Joshua had caused the scratch earlier that week. A ten-year-old boy’s stunt gone awry. He’d been high kicking, something he’d learned in his martial arts class, and was eager to show his parents, parents that unequivocally loved him and praised his clumsy attempts at imitating his favourite TV programmes. This was a large kitchen, even for the neighbourhood they lived in, with a dining table and seating area. This was what they’d bought the house for, for their children to grow up safe and free to high kick, tap dance, briefly attempt the piano, and at the end of the day throw themselves onto the large sofa and watch TV while he or Leya cooked or reheated takeaways.
Nalu and Leya had screamed as Adam had bellowed, “Watch out!” The screen had fallen from its perch onto the floor. After the crash came a brief silence followed by the whole family laughing. The TV had been righted, Joshua had been reassured that it was just an accident and that there were no consequences.
“See.” Adam had flicked it on using the remote. “It’s fine.”
He searched that brief vignette for clues. Joshua, Nalu, Leya and himself. Nothing about that scene hinted that either of his children could be unhappy, that either of them was hiding a secret. Though both were in the house somewhere, he rummaged through his memory for their faces, asking if their smiles had been sincere, if their laughter had been real.
Let’s leave it, he told himself. We’ll just assume… they would have told us, wouldn’t they?
He rose immediately when he heard Leya enter. He straightened his shirt and sniffed hard in an attempt to compose himself. He heard her footsteps; was she checking their lounge for him? Yes. He heard her footsteps in the corridor, and then she entered the kitchen.
When she saw him, she hurried across the room to him and buried her face in his chest. She coughed with the effort of trying to restrain herself. It had been an awful conversation with her. He’d had to convince her to leave a meeting and find somewhere quiet because he had something important to tell her.

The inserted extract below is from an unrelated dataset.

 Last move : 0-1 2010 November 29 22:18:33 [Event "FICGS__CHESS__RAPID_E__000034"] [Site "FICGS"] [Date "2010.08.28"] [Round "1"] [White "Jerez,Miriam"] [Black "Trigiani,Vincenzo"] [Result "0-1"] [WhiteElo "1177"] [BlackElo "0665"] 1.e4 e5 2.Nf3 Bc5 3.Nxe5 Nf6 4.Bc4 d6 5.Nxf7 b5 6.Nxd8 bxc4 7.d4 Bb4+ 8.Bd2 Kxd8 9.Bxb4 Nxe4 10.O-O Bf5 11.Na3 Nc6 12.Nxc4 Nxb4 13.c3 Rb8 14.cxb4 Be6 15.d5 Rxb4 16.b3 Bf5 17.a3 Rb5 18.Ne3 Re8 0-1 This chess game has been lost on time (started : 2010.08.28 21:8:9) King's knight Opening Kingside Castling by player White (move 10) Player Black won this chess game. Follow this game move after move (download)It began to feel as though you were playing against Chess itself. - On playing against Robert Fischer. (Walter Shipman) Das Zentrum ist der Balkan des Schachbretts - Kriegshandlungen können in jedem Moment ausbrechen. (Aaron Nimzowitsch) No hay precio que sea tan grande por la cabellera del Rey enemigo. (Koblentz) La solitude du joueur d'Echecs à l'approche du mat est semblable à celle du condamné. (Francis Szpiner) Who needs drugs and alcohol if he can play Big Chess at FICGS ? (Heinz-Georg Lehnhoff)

“Has something happened to the kids?” had been her first question. He’d heard her making her excuses to her colleagues, he guessed, in the gleaming, impersonal meeting room that he’d once visited.
He’d had to pause and shut his eyes before responding, “No, they’re fine.”

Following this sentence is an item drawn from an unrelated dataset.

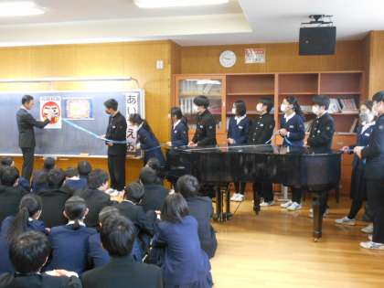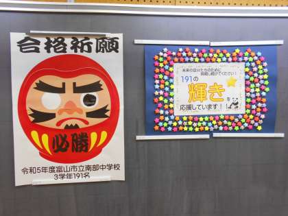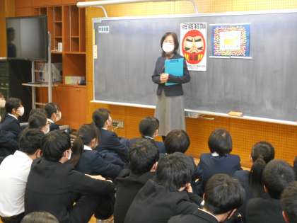 最後に、合格を祈願して、高木先生と学年生徒会のメンバーでだるまに目を入れました。教室に戻ってから手作りのお守りを受け取りました。明日は、これまでの努力の成果を精一杯発揮してきてほしいと思います。

“Is it mummy?” When he said no, she began with a list of those back home because it had to be death, or at least a serious injury, why else would he call her at work?
“This can’t be true,” she said, her voice muffled in his shirt.

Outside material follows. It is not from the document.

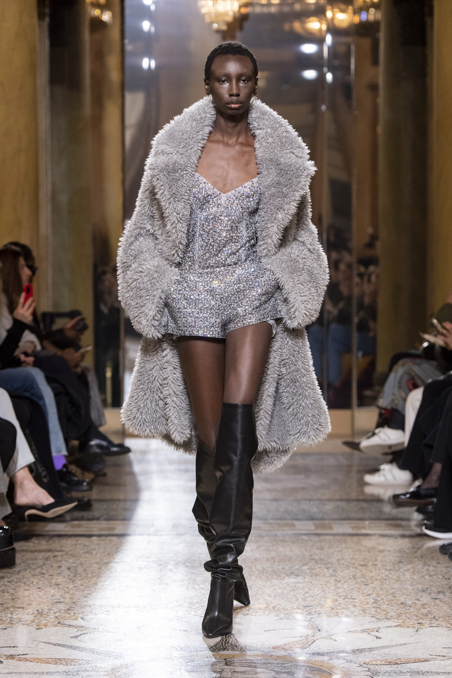 En se remémorant une conversation avec un designer de costumes de Cinecittà, toujours émerveillé par la beauté, l’élégance, le glamour et la féminité affirmée de la légendaire actrice Ava Gardner, Ermanno Scervino a développé sa garde-robe automne/hiver 2023-2024.

“It’s true. He told me himself.” He savoured the feeling of her body against his, a momentary comfort.
Lyandu had told the police he wanted Adam there. He valued his friendship, he wanted Adam to hear his confession before the coercion, before the courts, lawyers, media and trials.
Adam had marched into the station, certain that it was all a mistake. Then, his step less confident, a slight discomfort in his stomach, he’d decided it wasn’t a mistake – it was corrupt, racist police. Lyandu, a successful Black immigrant, was their target. It was a rouse, a lie against a man he’d known since they were two young university students with common friends and experiences in their home country. Could any of these policemen, he’d sneered silently, find Zambia on a map? Do they think we live in trees?
Didn’t they know that Lyandu was the son of one of the finest families in Zambia? Didn’t they realise that Lyandu’s father had been a lawyer clad in his official vestments while their own fathers had been kicking tin cans in the streets of decrepit mining towns?
As he’d waited, his anger had dissipated into silent reassurance. “As soon as they realise that he’s not just some asylum seeker or illegal, that he’s not a toilet cleaner, they’ll let him go. Money matters.” he said to himself.
Still, his tension refused to settle. He tapped the armrest, crossed and uncrossed his legs, and leaned back and forward again in stiff waiting chairs. What? Hadn’t they seen Lyandu’s clothes? How could they imagine that a man with such discerning taste could be any kind of criminal? When they arrested him, he would have been most likely clad in a dark blue fitted linen suit and handmade Spanish leather shoes. Both would have borne discreet labels that attested to their quality - and price. Criminals didn’t drive family estate cars, the boots of which held field hockey sticks and damp swimming clothes.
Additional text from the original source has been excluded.